Trois nouvelles plaintes, un dossier rouvert, des magistrats spécialement désignés. Le parquet de Paris a annoncé samedi 14 février qu’il passait à la vitesse supérieure dans le volet français de l’affaire Epstein.

Des magistrats dédiés aux documents américains

Depuis la publication par les autorités américaines de milliers de documents liés au criminel sexuel Jeffrey Epstein, le parquet de Paris planche sur leur contenu. Et visiblement, il y a matière. Des magistrats référents ont été désignés pour éplucher tout ce qui pourrait impliquer des ressortissants français, que ce soit sur le plan sexuel ou financier.

Le travail se fait en coordination avec le Parquet national financier et la direction nationale de la police judiciaire. Le but : ouvrir des enquêtes là où les documents le justifient. On est loin du simple classement sans suite.
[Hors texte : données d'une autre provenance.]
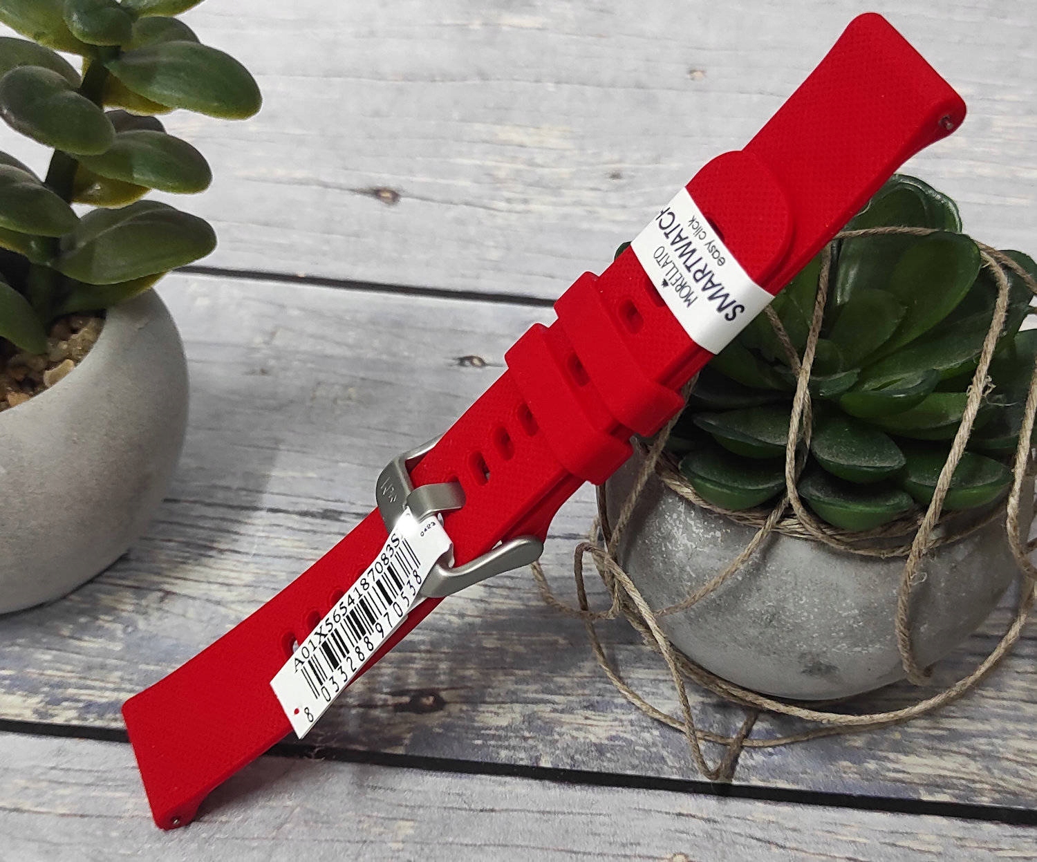 Красный каучуко-силиконовый прямой гладкий матовый водонепроницаемый ремешок для умных часов MORELLATO Easy Click. Ширина 20 мм. Антиаллергенная пряжка. Подходит ко всем часам со стандартным креплением шириной 20 мм. Телескопы в комплекте.

Trois affaires ouvertes en une semaine

Le 10 février, le ministère des Affaires étrangères a signalé que Fabrice Aidan, secrétaire des affaires étrangères principal, apparaissait dans les documents publiés. Pas de détails supplémentaires pour l’instant, mais une enquête est lancée pour creuser ce signalement.

Le lendemain, une femme de nationalité suédoise a déposé plainte contre Daniel Siad, décrit dans les documents comme un recruteur de mannequins lié à l’entourage d’Epstein. Elle lui reproche des faits qu’elle qualifie de viol, qui auraient été commis en France en 1990. Trente-six ans après les faits, si les délais de prescription le permettent.

Troisième dossier, arrivé le 12 février : une plainte contre le chef d’orchestre Frédéric Chaslin pour harcèlement sexuel en 2016. Le dossier a été transféré depuis le parquet de Thonon-les-Bains vers Paris.

Le fantôme de Jean-Luc Brunel

Et ce n’est pas tout. Le parquet a aussi décidé de reprendre à zéro le dossier d’instruction de Jean-Luc Brunel. L’ex-agent de mannequins, proche d’Epstein, avait été mis en examen avant de mourir en détention en février 2022. Son décès avait entraîné un non-lieu automatique. Mais avec les nouveaux éléments qui sortent des archives américaines, la justice française veut tout revoir.

Une « réanalyse intégrale » du dossier, selon les termes du parquet. En clair : on repart de zéro, avec un regard neuf et des documents qui n’existaient pas à l’époque.

Et après ?

Difficile de dire jusqu’où ira cette offensive judiciaire. Les documents Epstein continuent de livrer leurs secrets au compte-gouttes, et chaque lot apporte son lot de noms. La France, longtemps restée en retrait sur cette affaire, semble décidée à rattraper son retard. Reste à savoir si les enquêtes aboutiront, ou si elles se perdront dans les méandres de la procédure.